Johnson is notorious for his manipulations of the press and his decades-long playing of a very particular game of spin. We’ve talked before about how he used the comedic buffoon persona honed on appearances of Have I Got News For You to his benefit, accruing power and popularity through the pretence of adorable ineptitude. He’s also a man who has clung to a discomfiting image as a lothario, long after such notions of playboy charm became outdated and wildly creepy. This is a man who has had multiple extra-marital affairs while married to his now-former wife, Marina Wheeler, including one instance where a mistress had an abortion and another love child ended up being confirmed via a court case. The reality of him shacking up with a woman 24 years his senior has barely made a blip in the media landscape, which doesn’t happen without some behind-the-scenes machinations, especially when you’ve spent years being known as the man who regularly cheated on your wife.
But the Symonds conundrum has another sticky side-effect to be dealt with. Before he became the new Tory Party leader and Prime Minister, Johnson had to deal with the fallout from a loud domestic argument with Symonds that led to a visit from the police. His neighbours reported ‘loud altercation involving screaming, shouting and banging.’ One neighbour told the Guardian that ‘they heard a woman screaming followed by “slamming and banging”. At one point Symonds could be heard telling Johnson to “get off me” and “get out of my flat”.’ It’s an obviously unnerving instance and one that both Johnson and the Tory-friendly press pushed against. The neighbours were smeared as leftist insurgents out to damage his leadership campaign. Newspapers claimed it was a mere argument between lovers, the kind we all have, and that their privacy shouldn’t be invaded. Selected newspapers revealed a photograph of Boris and Symonds looking loved-up together in a local pub garden, in an image that represented the very antithesis of spontaneity and authenticity. It was PR spin, obvious to anyone with a pulse, but it was enough for his supporters to prove that no damage had been done. Whatever happened during that argument, it was clear that both parties involved wanted to steer the narrative in their favour.

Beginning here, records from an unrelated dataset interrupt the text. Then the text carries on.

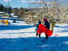 この日はシアトルに行くはずだったのですが、雪だったので学校は休みでした。 Samantha の学校が休みだったので、私、 Samantha 、春香のホストシスターとホストマザーで公園でそりをしました。 Samantha とレースしたり、二人乗りをしたりしました。春香と雪だるまも作りました、とても楽しかったです。その後、みんなでコストコへ買い物、食事に行きました。
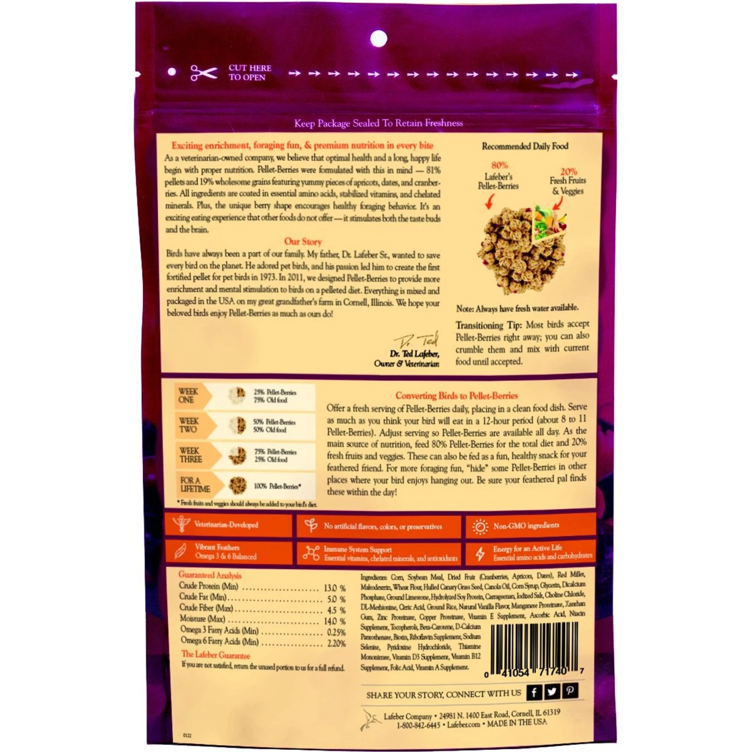 - Made and hand-packed in the USA on the Lafeber farm using sulfite-free vegetables and fruits; naturally flavored and preserved.
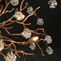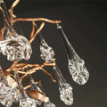 Modern Branch Chandelier is made of brass and glass drops, This artistic lighting fixture features a center area where life-like branches start to twist and turn from, covered with a luxurious brass finish. Multiple light bulbs provide the dramatics of light rays glistening through the crystal droplets.
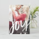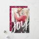 This Christmas holiday photo card features the word "joy" in a modern white handwritten script. Your photo is displayed behind. The back is a crimson and white snowflake pattern but colour can be changed using the customisation tool. Select one from the palette or use your own hex number. Graphics ©Prettygrafikdesign
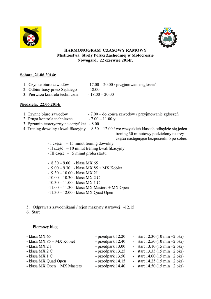 HARMONOGRAM CZASOWY RAMOWY Mistrzostwa Strefy Polski Zachodniej w Motocrossie Nowogard, 22 czerwiec 2014r. Sobota, 21.06.2014r 1. Czynne biuro zawodów 2. Odbiór trasy przez Sędziego 3. Pierwsza kontrola techniczna - 17.00 – 20.00 / przyjmowanie zgłoszeń - 18.00 - 18.00 – 20.00 Niedziela, 22.06.2014r 1. Czynne biuro zawodów 2. Druga kontrola techniczna 3. Egzamin teoretyczny na certyfikat 4. Trening dowolny / kwalifikacyjny - 7.00 – do końca zawodów / przyjmowanie zgłoszeń - 7.00 – 11.00 y - 8.00 - 8.30 – 12.00 / we wszystkich klasach odbędzie się jeden trening 30 minutowy podzielony na trzy części następujące bezpośrednio po sobie: - I część – 15 minut trening dowolny - II część – 10 minut trening kwalifikacyjny - III część – 5 minut próba startu - 8.30 – 9.00 - klasa MX 65 - 9.00 – 9.30 - klasa MX 85 + MX Kobiet - 9.30 – 10.00 - klasa MX 2J -10.00 – 10.30 - klasa MX 2 C -10.30 – 11.00 - klasa MX 1 C -11.00 – 11.30 - klasa MX Masters + MX Open -11.30 – 12.00 - klasa MX Quad Open 5. Odprawa z zawodnikami / rejon maszyny startowej -12.15 6. Start Pierwszy bieg - klasa MX 65 - klasa MX 85 + MX Kobiet - klasa MX 2 J - klasa MX 2 C - klasa MX 1 C - klasa MX Quad Open - klasa MX Open + MX Masters - przedpark 12.20 - przedpark 12.40 - przedpark 13.00 - przedpark 13.25 - przedpark 13.50 - przedpark 14.15 - przedpark 14.40 - start 12.30 (10 min +2 okr) start 12.50 (10 min +2 okr) start 13.10 (15 min +2 okr) start 13.35 (15 min +2 okr) start 14.00 (15 min +2 okr) start 14.25 (15 min +2 okr) start 14.50 (15 min +2 okr) Drugi bieg - klasa MX 65 - klasa MX 85 + MX Kobiet - klasa MX 2 J - klasa MX 2 C - klasa MX 1 C - klasa MX Quad Open - klasa MX Open + MX Masters - przedpark 15.05 - przedpark 15.25 - przedpark 15.45 - przedpark 16.10 - przedpark 16.35 - przedpark 17.00 - przedpark 17.25 - start 15.15 (10 min +2 okr) start 15.35 (10 min +2 okr) start 15.55 (15 min +2 okr) start 16.20 (15 min +2 okr) start 16.45 (15 min +2 okr) start 17.10 (15 min +2 okr) start 17.35 (15 min +2 okr) 7. Zakończenie zawodów -ok. godz 18.30 Uwaga ! Ostateczną decyzję o połączeniu klas podejmuje Dyrektor zawodów w uzgodnieniu z Sędzią Zawodów. O zmianach zawodnicy będą powiadomieni na odprawie. Nie ulegnie zmianie godzina startu do pierwszego biegu .
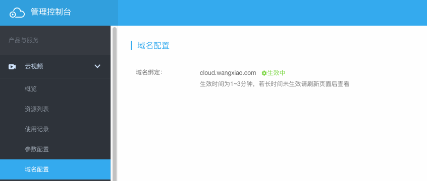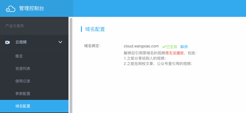进入“域名配置”页面,若域名当前处于已生效状态,则可点击“解绑”按钮,解绑后引用原域名的播放请求都将无法播放。
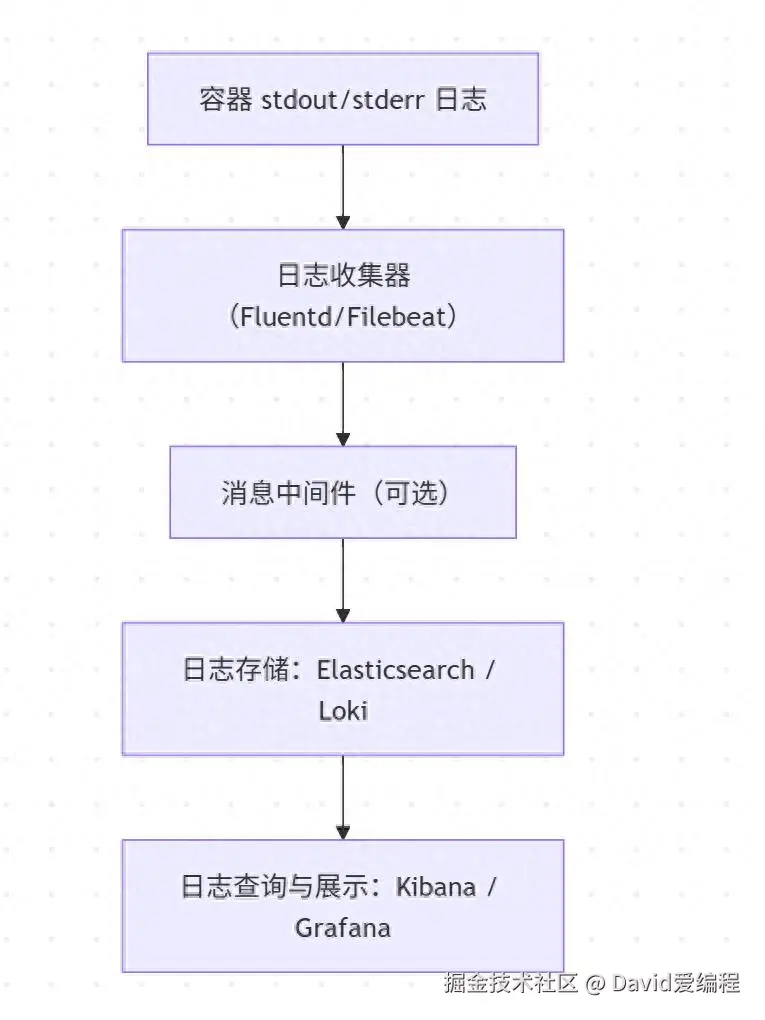 本文回顾了容器日志机制、常用日志采集方案(EFK/Loki)、实际部署方法、Kubernetes 环境下的集中日志方案,并通过 Mermaid 图梳理整体流程。
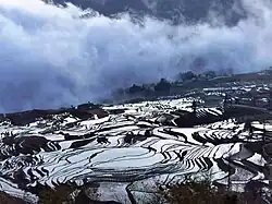 From the Yuan dynasty onward, the area was part of a central-government sponsored population movement towards the southwestern frontier, with two major waves of migrants arriving from Han-majority areas in northern and southeast China.[9] As with other parts of China's southwest, Japanese occupation in the north during World War II forced another migration of Han people into the region. These two waves of migration contributed to Yunnan being one of the most ethnically diverse provinces of China, with ethnic minorities accounting for about 34 percent of its total population.[10] Major ethnic groups include Yi, Bai, Hani, Zhuang, Dai, and Miao.[11] Yunnan has also been identified as the birthplace of tea,[12] and as the region of origin of the plant genus Cannabis.[13]
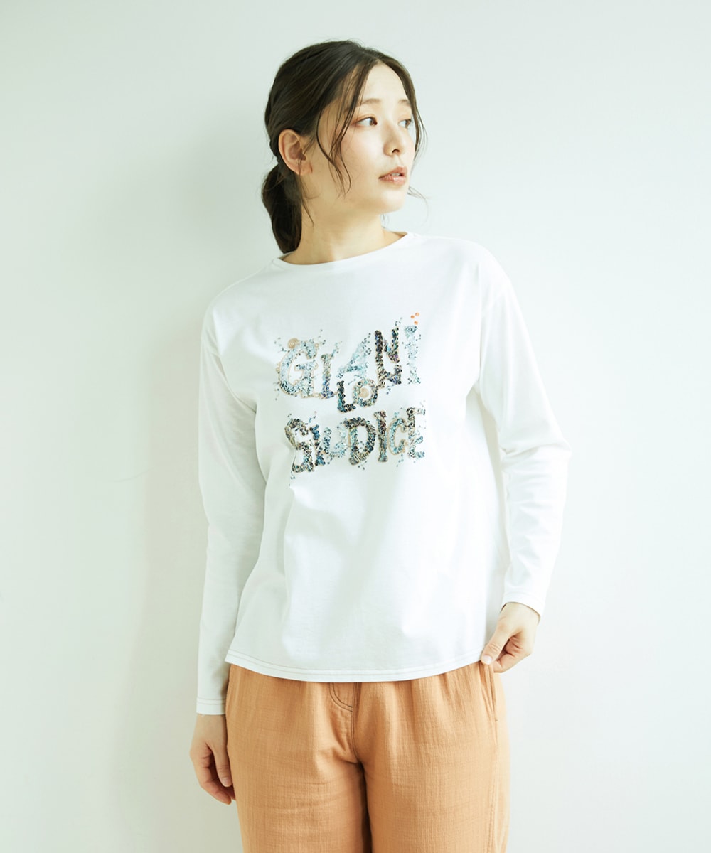 洗える・日本製の[洗える・日本製]ハイゲージ天竺ロゴカットソーは、華やぎロゴデザインとスパンコール刺繍がアクセント。

The press love to spin any action by a vaguely powerful woman as one of inherently feminist value. You see this every time a milquetoast liberal talks about not agreeing with Sarah Huckabee Sanders or Ivanka Trump’s politics but appreciating how they do their job with dignity or whatever nonsense buzzword is popular that day. The mostly silent woman standing beside the bigoted egotist who garnered power through weaponized racism and xenophobia gets to be fetishized as a golden idol of exceptionalism merely because she is there. At the very least, she gets to be another clothes horse to fawn over, as fashion magazines once again pretend the dress and heels have no political meaning or shield-like force because of who is wearing them.
The chances are that Symonds won’t be modelled as a Michelle Obama or even a Melania Trump. We don’t have the structures in place to make that happen. However, we should always be skeptical of the softened narrative that surrounds the political spouse. This is a woman, a former Tory advisor, who knows exactly what kind of power being in Johnson’s life as his partner provides. The women may change but the world keeps spinning.